BEGIN Extracted records

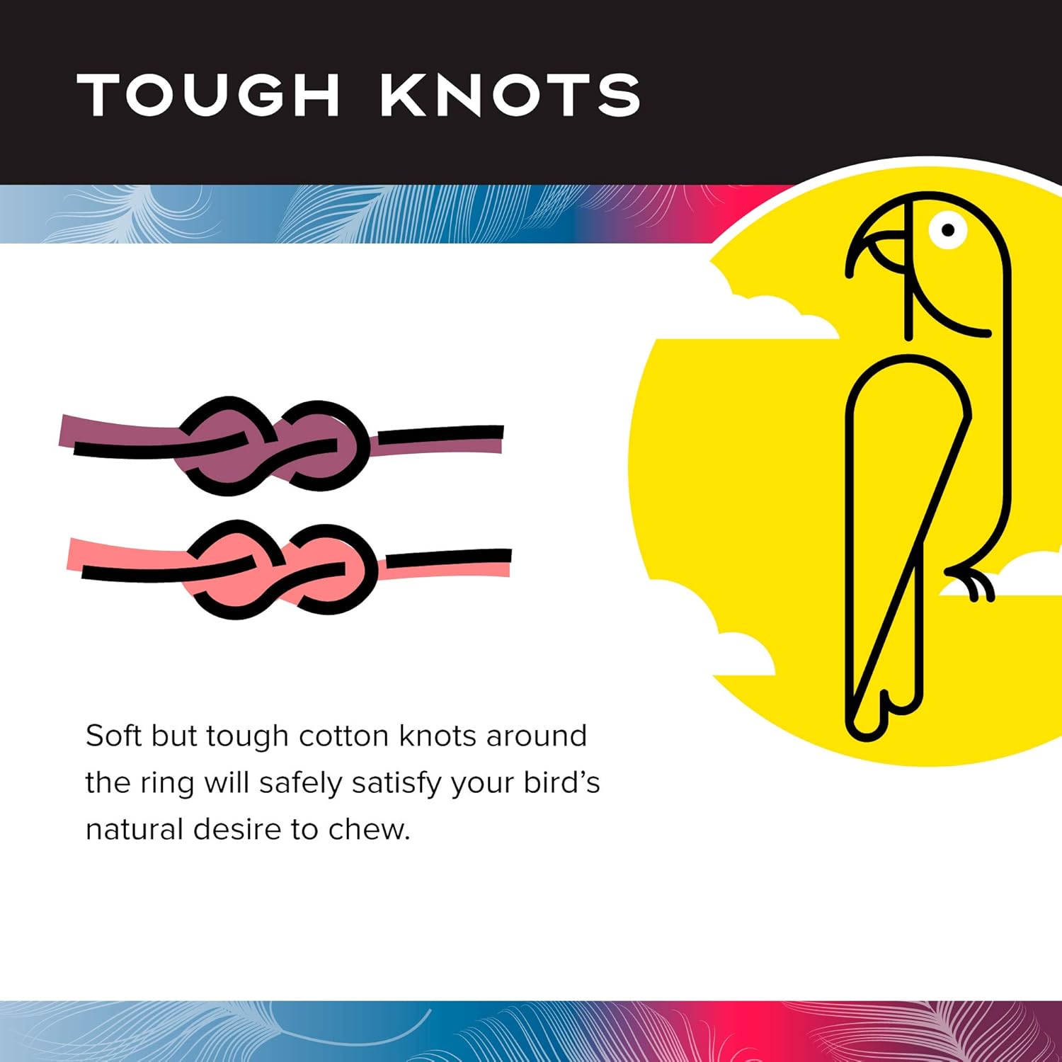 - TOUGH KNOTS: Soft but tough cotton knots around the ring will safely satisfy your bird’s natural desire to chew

END Extracted records
BEGIN Extracted records

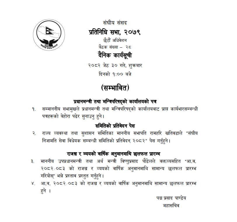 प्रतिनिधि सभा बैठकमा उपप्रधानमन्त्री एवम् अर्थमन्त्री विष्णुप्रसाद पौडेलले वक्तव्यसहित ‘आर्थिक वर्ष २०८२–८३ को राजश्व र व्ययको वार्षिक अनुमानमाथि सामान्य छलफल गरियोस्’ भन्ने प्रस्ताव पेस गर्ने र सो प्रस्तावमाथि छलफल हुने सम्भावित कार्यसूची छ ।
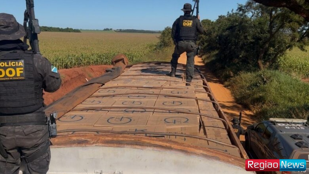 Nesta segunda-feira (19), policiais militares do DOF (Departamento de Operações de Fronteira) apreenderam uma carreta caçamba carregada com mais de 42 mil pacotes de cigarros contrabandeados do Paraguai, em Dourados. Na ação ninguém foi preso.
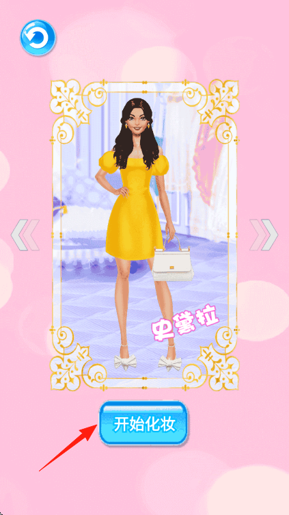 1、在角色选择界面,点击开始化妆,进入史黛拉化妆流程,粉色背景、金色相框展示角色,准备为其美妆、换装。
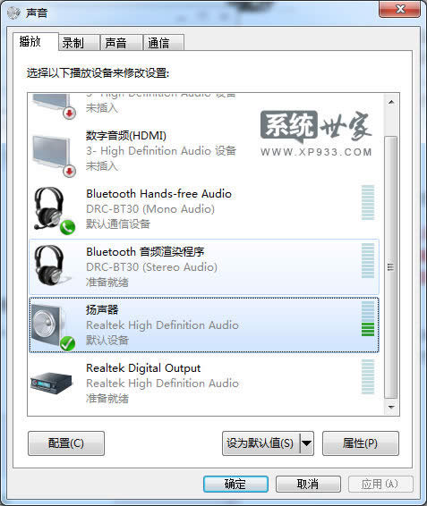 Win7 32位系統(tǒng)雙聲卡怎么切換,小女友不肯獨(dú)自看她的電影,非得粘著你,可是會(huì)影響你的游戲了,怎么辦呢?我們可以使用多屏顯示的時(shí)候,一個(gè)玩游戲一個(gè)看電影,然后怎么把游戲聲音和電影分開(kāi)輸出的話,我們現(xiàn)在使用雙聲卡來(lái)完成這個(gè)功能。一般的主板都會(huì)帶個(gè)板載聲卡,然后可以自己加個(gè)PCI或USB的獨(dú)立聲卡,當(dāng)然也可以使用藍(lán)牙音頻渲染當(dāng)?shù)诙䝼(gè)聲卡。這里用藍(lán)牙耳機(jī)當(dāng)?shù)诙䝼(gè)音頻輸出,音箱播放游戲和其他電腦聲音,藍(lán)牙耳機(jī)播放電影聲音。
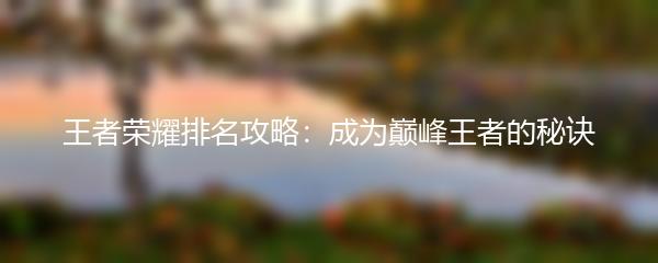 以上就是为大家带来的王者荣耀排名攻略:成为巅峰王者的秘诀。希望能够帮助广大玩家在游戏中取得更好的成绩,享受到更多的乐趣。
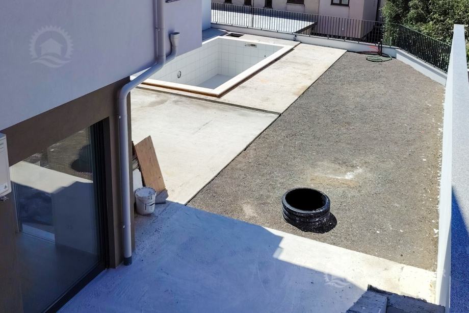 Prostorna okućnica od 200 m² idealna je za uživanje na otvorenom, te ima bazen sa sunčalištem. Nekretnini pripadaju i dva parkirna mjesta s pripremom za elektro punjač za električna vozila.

END Extracted records
BEGIN Extracted records

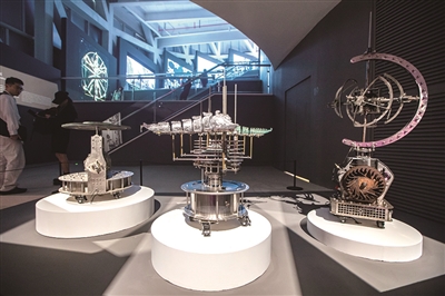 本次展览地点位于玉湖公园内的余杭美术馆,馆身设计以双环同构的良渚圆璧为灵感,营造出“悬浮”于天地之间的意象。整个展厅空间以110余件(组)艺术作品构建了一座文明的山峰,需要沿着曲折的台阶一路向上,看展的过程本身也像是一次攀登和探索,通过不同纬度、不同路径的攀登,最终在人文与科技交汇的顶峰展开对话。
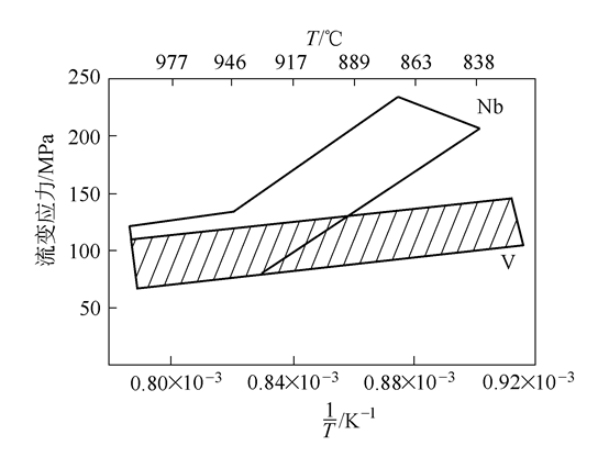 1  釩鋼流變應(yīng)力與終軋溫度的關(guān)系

END Extracted records

Give again the stretch of lines above from the one with "以上就是为大家带来的王者荣耀" through the one with "Prostorna okućnica od", both ends kept, and copy no pictures.

Solution for this exercise.
 以上就是为大家带来的王者荣耀排名攻略:成为巅峰王者的秘诀。希望能够帮助广大玩家在游戏中取得更好的成绩,享受到更多的乐趣。
 Prostorna okućnica od 200 m² idealna je za uživanje na otvorenom, te ima bazen sa sunčalištem. Nekretnini pripadaju i dva parkirna mjesta s pripremom za elektro punjač za električna vozila.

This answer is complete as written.